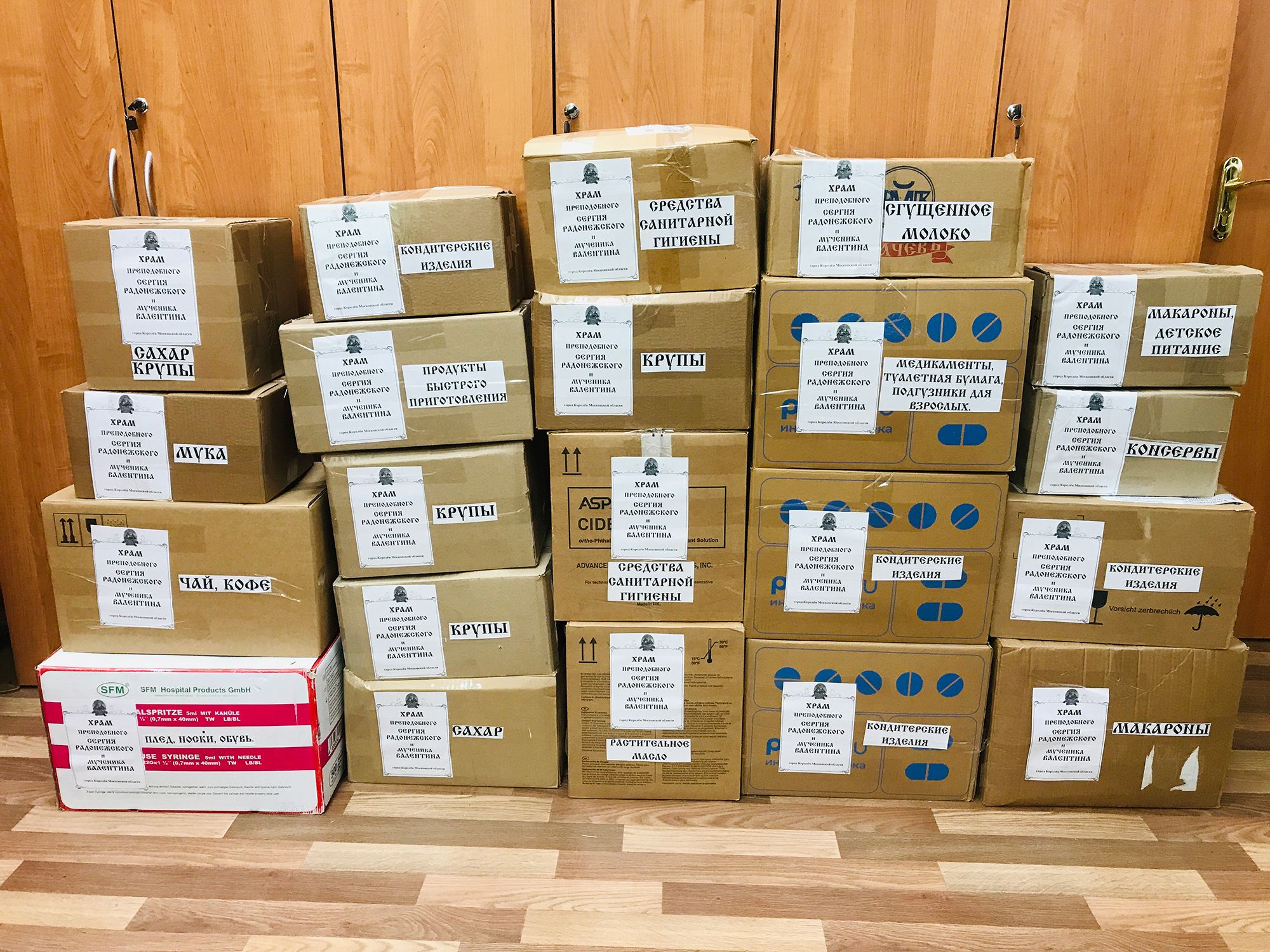 На приходах благочиния был организован сбор продуктов питания, медикаментов, одежды, детского питания, средств личной гигиены, церковной утвари и к 27 марта сформирован гуманитарный груз весом 4.3 тонны.
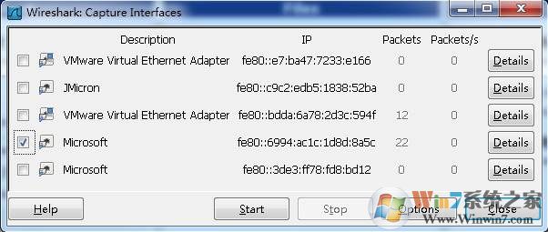 點(diǎn)擊Caputre->Interfaces.. 出現(xiàn)下面對(duì)話框,選擇正確的網(wǎng)卡。然后點(diǎn)擊"Start"按鈕, 開始抓包
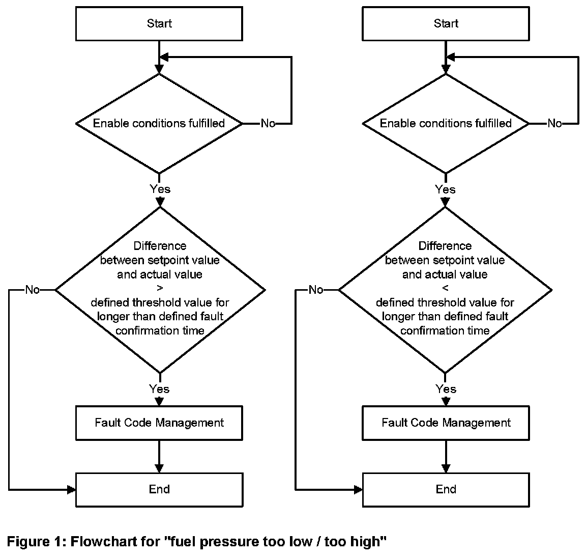 The fuel pressure measured in the distributor rail is compared to the value defined by the engine control unit. The difference between the setpoint value and the actual value is evaluated.

□ □ □ □ □ □ □

_YOUR ASSIGNMENT:_ Once the pictures are set aside, output the whole listing exactly.

_REPLY TO THE EXERCISE:_
 На приходах благочиния был организован сбор продуктов питания, медикаментов, одежды, детского питания, средств личной гигиены, церковной утвари и к 27 марта сформирован гуманитарный груз весом 4.3 тонны.
 點(diǎn)擊Caputre->Interfaces.. 出現(xiàn)下面對(duì)話框,選擇正確的網(wǎng)卡。然后點(diǎn)擊"Start"按鈕, 開始抓包
 The fuel pressure measured in the distributor rail is compared to the value defined by the engine control unit. The difference between the setpoint value and the actual value is evaluated.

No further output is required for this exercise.